Magura Marta SL Magnesium Review

Brakes Pro Reviews


Installation

Installing the Mags on the handlebars was sort of a pain, since they don’t use a split clamp, so it necessitates taking off the grips and the shifters. Trigger finger shifters can be installed on either side of the brakes (dual dock), but I use twist grips, so they were attached in the usual inboard manner.

The new bleeding system called “Easy Bleed Technology” or EBT has drastically changed for the better, which is really nice since Magura Marta’s are notorious for needing regular bleeding, although after my initial installation, I haven’t required one. The new port on top of the lever reservoir makes bleeding a much easier task.

Basic bleed instructions: tilt the upper reservoir slightly down from level, unscrew the top port bolt, insert a syringe, unscrew the caliper bolt, insert a second brake fluid filled syringe into caliper port, and push the brake fluid using that bottom syringe into the top syringe, then pull and push the fluid between the syringe’s until bubbles are gone.

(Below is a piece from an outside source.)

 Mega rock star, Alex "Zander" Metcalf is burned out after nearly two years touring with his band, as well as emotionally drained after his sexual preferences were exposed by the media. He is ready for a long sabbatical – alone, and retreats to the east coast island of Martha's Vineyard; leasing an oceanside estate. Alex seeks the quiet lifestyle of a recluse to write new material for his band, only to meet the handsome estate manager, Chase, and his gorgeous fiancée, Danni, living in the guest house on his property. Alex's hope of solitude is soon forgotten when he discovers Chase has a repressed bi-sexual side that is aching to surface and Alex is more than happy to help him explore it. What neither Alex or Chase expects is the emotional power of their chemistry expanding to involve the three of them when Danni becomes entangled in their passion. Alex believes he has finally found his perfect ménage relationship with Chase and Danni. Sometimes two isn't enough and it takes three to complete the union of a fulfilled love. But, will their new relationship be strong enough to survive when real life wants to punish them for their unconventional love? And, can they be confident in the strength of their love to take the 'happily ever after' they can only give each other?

The new bleed port made doing a bleed almost pleasant, notice I said almost because any system is a bit of a chore, but this new system is a highly engineered marvel in comparison to the old method. Bleeding brakes is like a poke in the eye!

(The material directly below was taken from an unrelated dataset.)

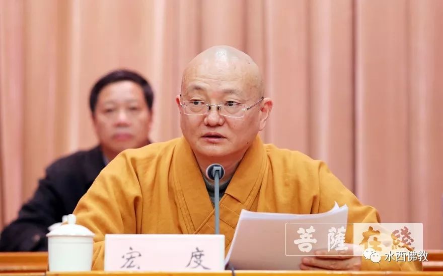 中国佛教协会副秘书长宏度法师宣读《中国佛教协会贺电》。

When I shortened the units to fit my bike, I followed the directions perfectly for the rear brake, and I cut the rear line and was I able to connect it back up without doing anything else. Just make sure that you keep the cut line elevated, and don’t try and make any drastic changes to things as you progress. Somehow I got some air into the brakes (I made changes as I went) when I did the front line, and I had to bleed it, so I got a first hand experience with the newer method, and it was enjoyable and easier for brake bleeding. Again simple is as simple does!

Technical Features

The redesigned reservoir body has many features, including the EBT bleeding system, a new pivot system for the carbon lever, and of course it is made from forged magnesium, except for the composite reservoir cap. It uses an open hydraulic disc brake system with completely integrated reservoir, and is filled with Magura’s Royal Blood mineral oil brake fluid. The carbon lever now uses stitched carbon fiber, for greater stiffness.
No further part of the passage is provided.